Imaginary interview with Guy de Maupassant

by Charactorium · Guy de Maupassant (1850 — 1893) · Literature · 4 min read

Imaginary interview generated by AI from documented sources.

It is in the study at Croisset, near Rouen, that this imaginary interview takes place on an autumn Sunday in 1880, a few months after the triumph of Boule de Suif. Through the half-open window, the Seine can be heard gliding at the foot of the garden, and the lamp illuminates the crossed-out pages lying on the large table. Gustave Flaubert and Guy de Maupassant have known each other for seven years: the master has read every page of the pupil, corrected him without mercy, forbidden him to publish too soon. The master now questions the disciple turned writer.

My dear Guy, for seven years you have come up to Croisset every Sunday to submit your pages to me. What did you come here to find that no one else offered you?

I came to find patience, my master — the patience I lacked. When I arrived, I wrote too much, too poorly, and too fast. You read my verses, my stories, and you sent them back bleeding from your corrections. You forbade me to publish, do you remember? For years on end. I chafed at the bit, thought I was ready, and you sent me back to my desk. Today I understand that you were teaching me to see: to look at a carriage, a clerk, a servant until they had no secrets left. What others call talent is your Sundays.

What others call talent is your Sundays.

You have often seen me blacken a sentence for an entire week. That slowness I imposed on you, did you ever curse it in secret?

Curse it, yes, many times! I would leave here furious, convinced that you were destroying what was best in me. Then I would return to Paris, reread, and realize you were right. You made me hate the easy sentence, the almost-right word. You said that between the exact word and its neighbor lies the distance that separates the writer from the amateur. That slowness, I still carry it. Even when I work quickly now, it is your voice weighing every syllable over my shoulder.
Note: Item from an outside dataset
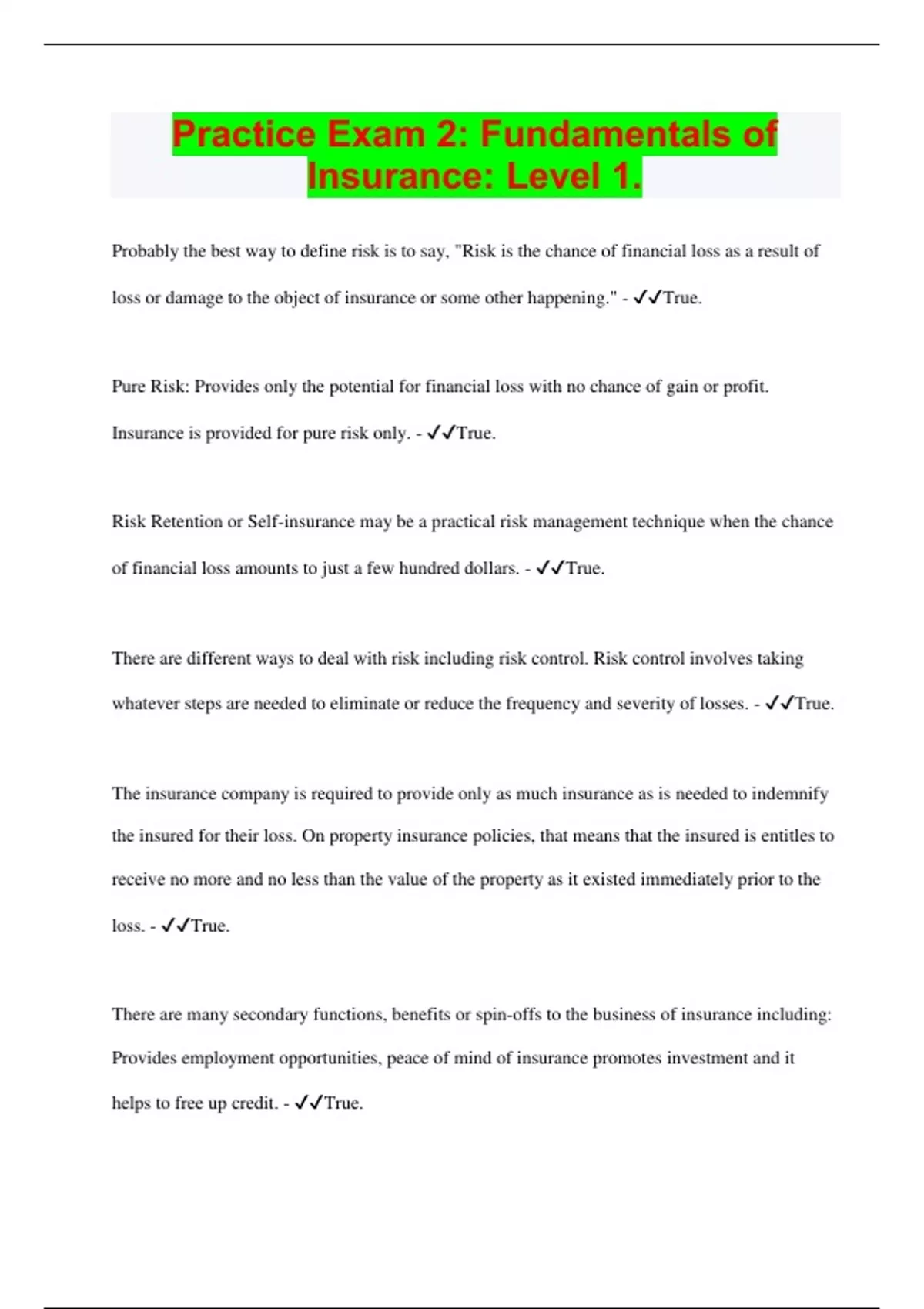 Practice Exam 2: Fundamentals of Insurance: Level 1 | Questions with 100% Correct Answers | Latest Update 2024 | Verified

You made me hate the easy sentence, the almost-right word.

This spring, you sent me Boule de Suif before the others. When you were writing it, did you know that this stagecoach of 1870 would carry you so high?

Not for a moment. I had lived through the rout, mobilized, fleeing like everyone else on the roads of Normandy, and I only wanted to tell its raw truth — those respectable bourgeois who sacrifice a girl to save their own skin. I gave it to Les Soirées de Médan expecting nothing. And then your letter arrived. You wrote that it was a masterpiece, a masterpiece of composition and observation. I am thirty years old, and it was your word alone that made me believe I might have something. The rest of the world followed, but it was you I believed first.
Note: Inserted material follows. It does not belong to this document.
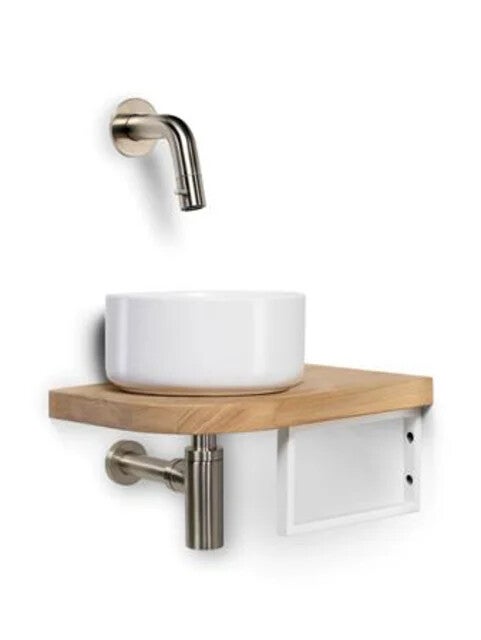 Schiphorst-Sanitair "One-Shelf" fonteincombinatie "Blue-Skov" Glans-wit/Geborsteld nikkel

The rest of the world followed, but it was you I believed first.

You denounced the hypocrisy of respectable people there. Are you not afraid of paying for it, as I was dragged through the mud for Madame Bovary?

I almost expect it. But you, who experienced the dock, taught me not to flatter the reader. I saw the defeat of 1870 with my own eyes: the fine gentlemen who pontificate and the poor girl who is scorned after being used. I invented nothing; I watched. If they recognize themselves and rage, it is because they know they are painted accurately. You said one must say everything with the sincerity of art. I only obeyed you, and too bad for the stagecoaches full of good people.

I invented nothing; I watched.

I hear that in Paris you neglect your desk for the Seine, around Chatou. Does this rowing distract you from work, or does it feed it?

It feeds it, I swear! On Sundays, I put down the pen and jump into my boat. I row until my hands burn, between Chatou and Argenteuil, under the sun, with the guinguettes full of laughter and light dresses. There I no longer think about the sentence; I live. But everything I see — the rowing girl who sings, the clerk in his Sunday best, the girl who gives herself an afternoon — it all comes back on paper afterward. My best stories were born on the water. The body that exhausts itself frees the eye that observes.

My best stories were born on the water.
Portrait de Gustave de Maupassant
Portrait de Gustave de MaupassantWikimedia Commons, Public domain — Hippolyte Bellangé

You once described to me those outings in the countryside by the water. What attracts you so much to these Sundays of ordinary people?

Their truth, precisely. The rich compose a face; the lowly clerk who treats himself to a day in the country gives himself entirely. He eats too much, he drinks, he falls in love for an afternoon, and in the evening he returns to his office, heavy-hearted, for fifty years. There is all the melancholy of the world under the straw hat and the guinguette. These people do not know they are tragic, and that is why they are. You taught me that the humble subject, properly observed, is worth all the kings of history.

They do not know they are tragic, and that is why they are.

You now write for the Gil Blas, the Gaulois, endless columns. Does this press that supports you not devour your true work?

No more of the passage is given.